▶ EXERCISE: Write the data out again exactly, dropping any images it holds.

Data items:
——————————

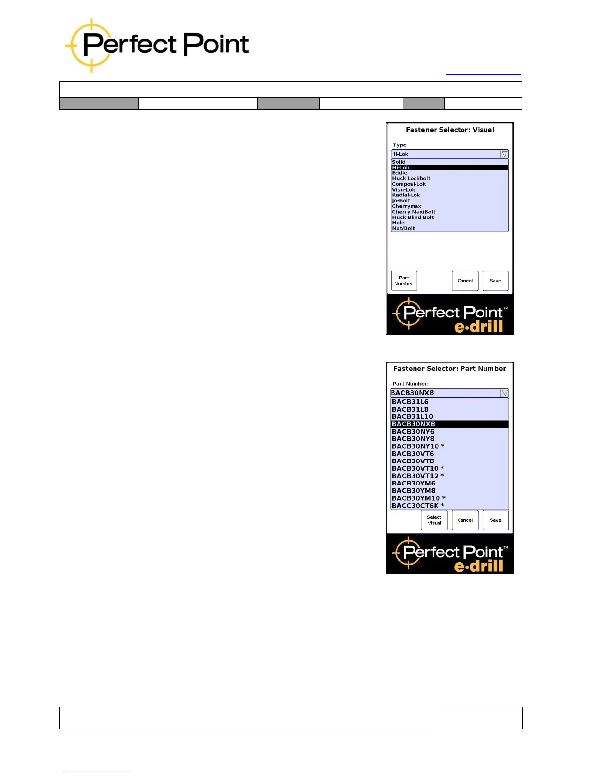 Fastener Visual Selector Screen –
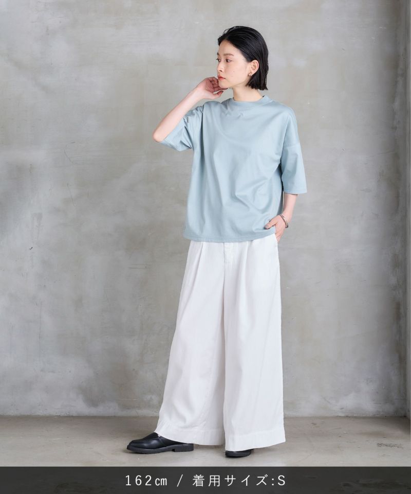 ゆったりとしたシルエットながらハイウエストのため、短めのトップスを合わせたりタックインをしてウエスト周りをすっきりさせれば脚長効果も抜群。
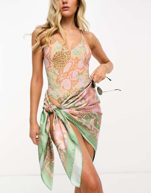 Pareo largo en tonos pastel con estampado de serpiente de satén de Vero Moda
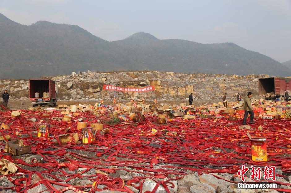 近日,重慶酉陽集中銷毀2097件假冒偽劣煙花爆竹產品,價值30多萬元。據介紹,這些產品由煙花爆竹專項檢查查獲,種類涵蓋各類鞭炮、擦炮、煙花和一些裝藥量較大的鞭炮,如不及時銷毀,一旦流入市場將對市民的生命財產安全構成重大威脅。因數量較大,集中點燃后,銷毀現場上方形成了高達幾十米的白色煙霧。張書浩攝
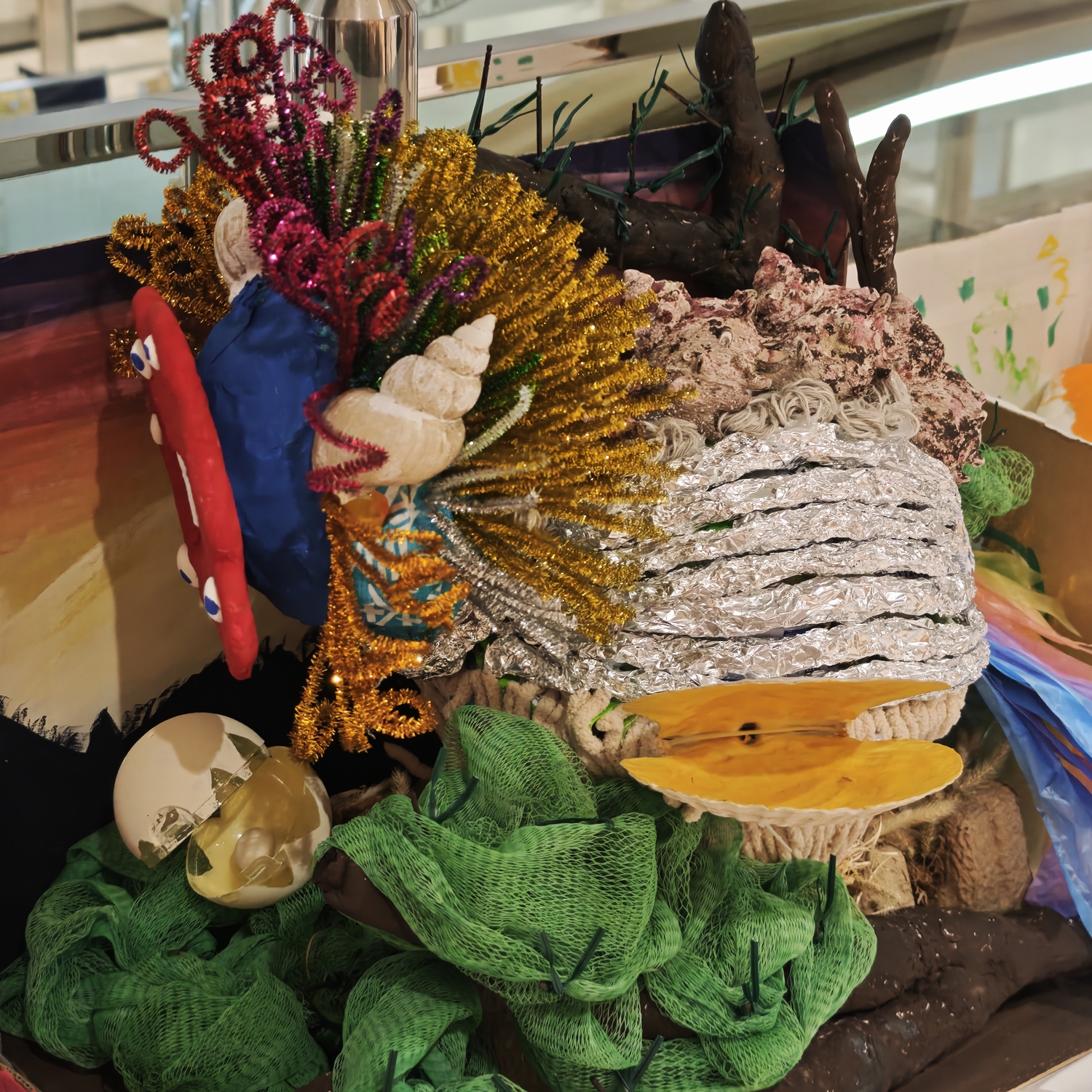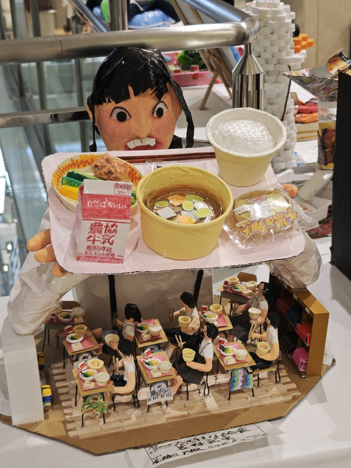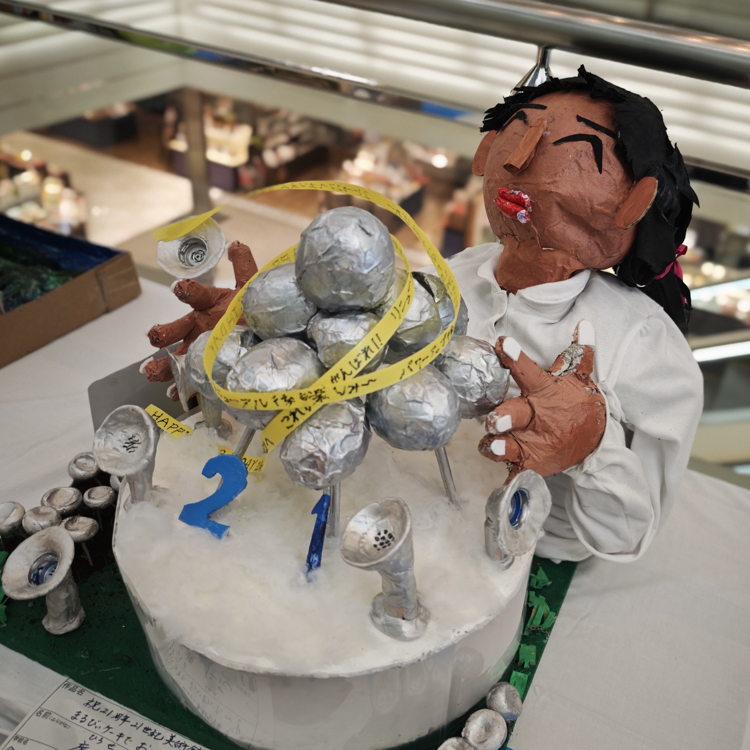 コンクールのテーマは「身近な不用品を使った工作」です。ペットボトルや空き箱、牛乳パックなど、普段は捨てられてしまうようなものが、子どもたちの手によってユニークな作品へと生まれ変わります(笑)

——————————

▶ ANSWER FOR THIS EXERCISE:
 Fastener Visual Selector Screen –
 ゆったりとしたシルエットながらハイウエストのため、短めのトップスを合わせたりタックインをしてウエスト周りをすっきりさせれば脚長効果も抜群。
 Pareo largo en tonos pastel con estampado de serpiente de satén de Vero Moda
 近日,重慶酉陽集中銷毀2097件假冒偽劣煙花爆竹產品,價值30多萬元。據介紹,這些產品由煙花爆竹專項檢查查獲,種類涵蓋各類鞭炮、擦炮、煙花和一些裝藥量較大的鞭炮,如不及時銷毀,一旦流入市場將對市民的生命財產安全構成重大威脅。因數量較大,集中點燃后,銷毀現場上方形成了高達幾十米的白色煙霧。張書浩攝
 コンクールのテーマは「身近な不用品を使った工作」です。ペットボトルや空き箱、牛乳パックなど、普段は捨てられてしまうようなものが、子どもたちの手によってユニークな作品へと生まれ変わります(笑)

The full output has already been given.